A definition of sociocultural normality embraces the rules, or norms, governing what are considered appropriate in a
particular society. What is considered normal dress in a Western society is not appropriate dress in a traditional Islamic
society. In some cultures, it is quite common to eat dog. In others, cannibalism is practised. Neither of these foods are part
of a normal diet in contemporary Australia.
ABNORMALITY:
Abnormality is known as unusual patterns of behaviour, emotion, and thought. It can be understood as a potential
indication of a mental disorder, as it represents behavioural characteristics which they are associated with
conditions that may point to a mental and/or psychological disorder. Therefore, abnormal actions are unexpected
because they are deviate from typical or usual behaviour.
There are several criteria to consider when examining what constitutes typical or usual behaviour, because as it is
not uncommon for all people to exhibit certain forms of prolonged behaviour.

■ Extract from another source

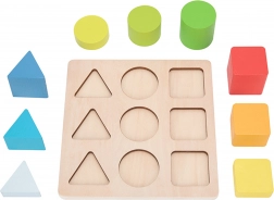 Ova drvena edukativna igračka spaja zabavu i učenje. Djeca razvrstavaju i umeću obojene geometrijske oblike u pripadajuće otvore, čime nenametljivo usvajaju prepoznavanje oblika i boja, vježbaju strpljenje i jačaju vizualnu percepciju. Jednostavna, ali promišljena konstrukcija idealna je za prve logičke igre.

Consequently, definitions of
abnormality vary due to the different methods of defining it, including statistical infrequency and deviation from
social norms. In short, Abnormality refers to dysfunctional and socially deviant behaviours but there are many
mental health professionals use different elements from multiple areas. However, psychoanalytic suggests that
abnormal behaviours stem from unconscious thoughts, desires, and memories.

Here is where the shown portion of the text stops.